Eight years into the show, Julia Louis-Dreyfus’ Elaine Benes articulated the essence of Seinfeld quite nicely. She was exasperated with her good buddy Jerry Seinfeld — nothing new there; the glue that holds their relationship together is exasperation, alternately amused and angry. But this time, Elaine felt a summing-up was called for; she needed to make a grand expostulation, and so she did, by proclaiming ”I can’t spend the rest of my life coming into this stinking apartment every 10 minutes to pore over the excruciating minutiae of every single daily event!”

But of course, excruciating minutiae are what this show exists to examine, to fuss over, to spin comedic gold from. And Elaine will keep coming into that stinking apartment (which, by the way, probably smells more like still-misty Lysol, given Jerry’s pathological cleanliness) for as long as Seinfeld exists. She can’t help it; she loves Jerry, George Costanza (Jason Alexander), and Cosmo Kramer (Michael Richards) every bit as much as she sometimes loathes them. And besides, after a first-rate season like the one just concluded, who can deny that the comedic aroma of apartment 5A is still powerfully piquant?

Before you cut into the meat of this special Seinfeld package — a complete episode guide to the series’ run so far and interviews with the characters behind the scenes — it behooves us to think for a minute about the nature of friendship as it is reflected, fractured, and ground into the dirt by Jerry, George, Elaine, and Kramer. The bond between these niggling, nudging four musketeers (their battle cry might be ”All for one and one for me!”) is a group dynamic rooted in jealousy, rage, insecurity, despair, hopelessness, and a touching lack of faith in one’s fellow human beings.

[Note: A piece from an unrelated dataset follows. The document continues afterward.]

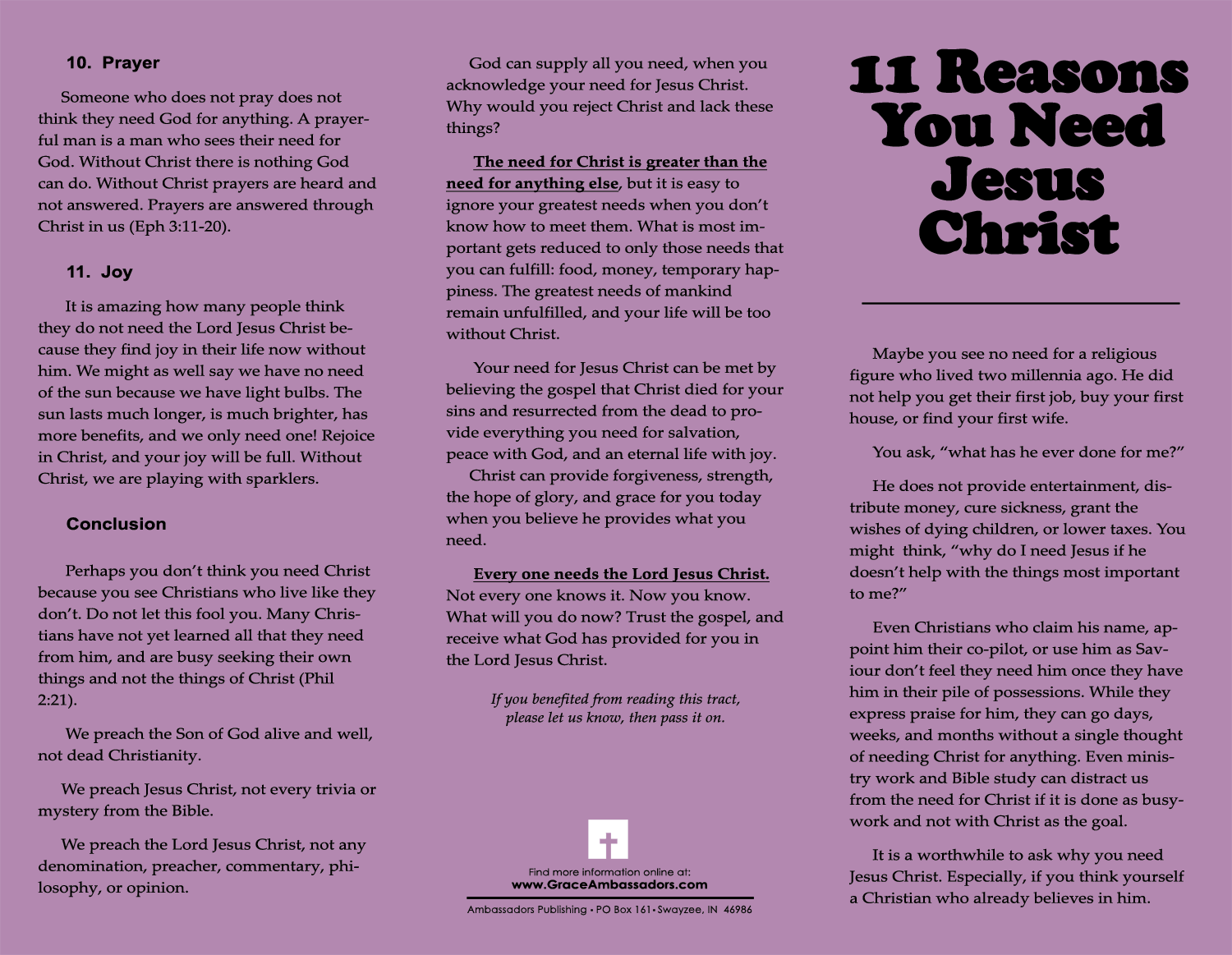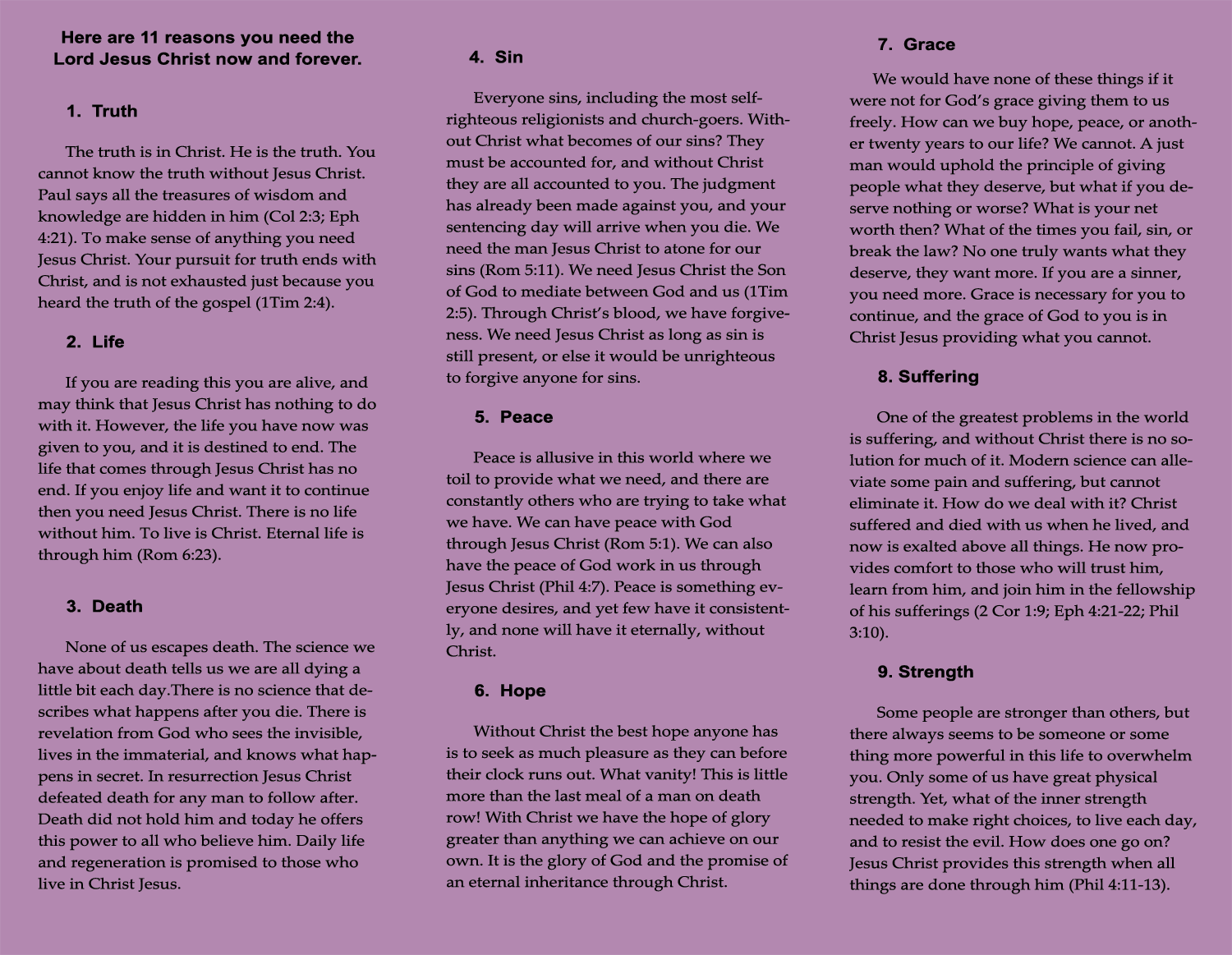 This trifold brochure is great for going door-to-door, fairs, booths, or to start a conversation with someone about the gospel or the Bible rightly divided. It is printed on brightly colored paper so that it gets noticed from a distance. Colors may vary. Text of the tract is found in the download link below.

For a show whose plots often turn on the surreal (this season’s the-gang-goes-to-a-cockfight episode; the one where George has a little place built underneath his desk to escape the world; Elaine meeting the Bizarro Jerry, George, and Kramer), it has been the distinctive achievement of cocreators Seinfeld and Larry David to offer us a portrait of late-20th-century urban friendship that is actually more realistic than any ever created on a television series, sitcom, or drama. (It should also be noted here that the ’96-97 season just past was Seinfeld‘s first without the writing of David. If the post-David Seinfeld now lacks that subtle degree of manic angst that distinguished his best work, the show has made up for it with an increase in belly laughs as solid as any the series has produced.)

Like lots of good pals, Jerry, George, Elaine, and Kramer are acutely, quiveringly attuned to each other’s strengths and weaknesses. They understand in their very different bones that someone you know well is also someone you can fight with, argue over, and sell out far more effectively than a mere acquaintance, or even an enemy. (That’s why Wayne Knight’s Newman is such a slippery recurring foe for our gang; he’s not in their loop — he’s the malicious, blubbery Other.) These chums are united by common quests — for money, for romance, for the perfect apartment. There’s a whiff of desperation about the foursome’s need for one another (maybe that’s what’s stinking up Jerry’s apartment), which is more than a little pathetic. But that it is made hilariously pathetic gives the show its unique sitcom tension.